Prepare Mango Puree: Thaw 1 cup frozen mango chunks and blend until smooth, about 30-60 seconds. Pour into a fine mesh sieve over a bowl, pressing to collect smooth puree. Measure 1/4 cup (60 g).
Preheat & Prep: Preheat oven to 350°F (175°C). Line two baking sheets with parchment paper. Chop dried mango into 1/4-inch pieces.
Mix Dry Ingredients: In a medium bowl, whisk all-purpose flour, baking soda, salt, and shredded unsweetened coconut. Set aside.
Cream Butter & Sugars: In a stand mixer with paddle attachment (or hand mixer), cream unsalted butter, granulated sugar, and light brown sugar on medium speed for 2-3 minutes until light and fluffy. Scrape bowl as needed.

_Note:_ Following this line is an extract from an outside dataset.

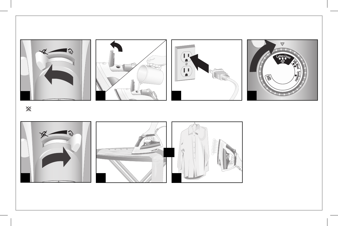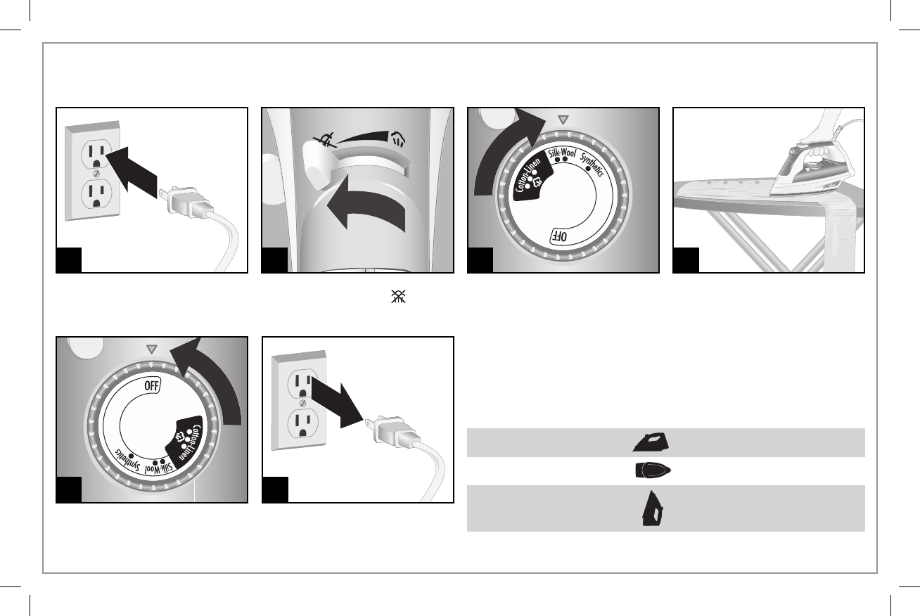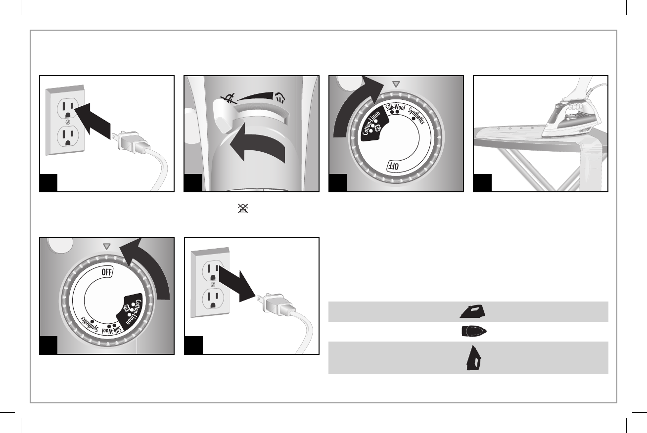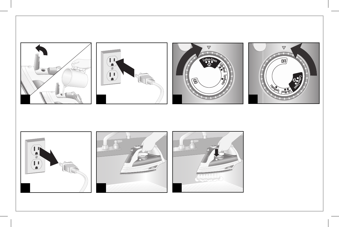 4. Do not let the cord touch hot surfaces. Let the iron cool

Add Wet Ingredients: Mix in egg yolk, vanilla extract, and mango solids on low speed until combined, about 1 minute.
Form Dough: Gradually add dry ingredients to wet mixture in two batches, mixing on low until just combined. Fold in dried mango and white chocolate chips with a spatula.
Shape Cookies: Using a 1 ½ tbsp cookie scoop, portion dough and place 2 inches apart on baking sheets (12 cookies per sheet). Gently flatten each ball slightly.
Bake: Bake one sheet at a time for 11-13 minutes, until edges are golden and centers are soft. Rotate sheet halfway through. Cool on sheet for 5 minutes, then transfer to a cooling rack.
Serve: Enjoy warm or at room temperature. Store in an airtight container for up to 4 days or freeze for 3 months.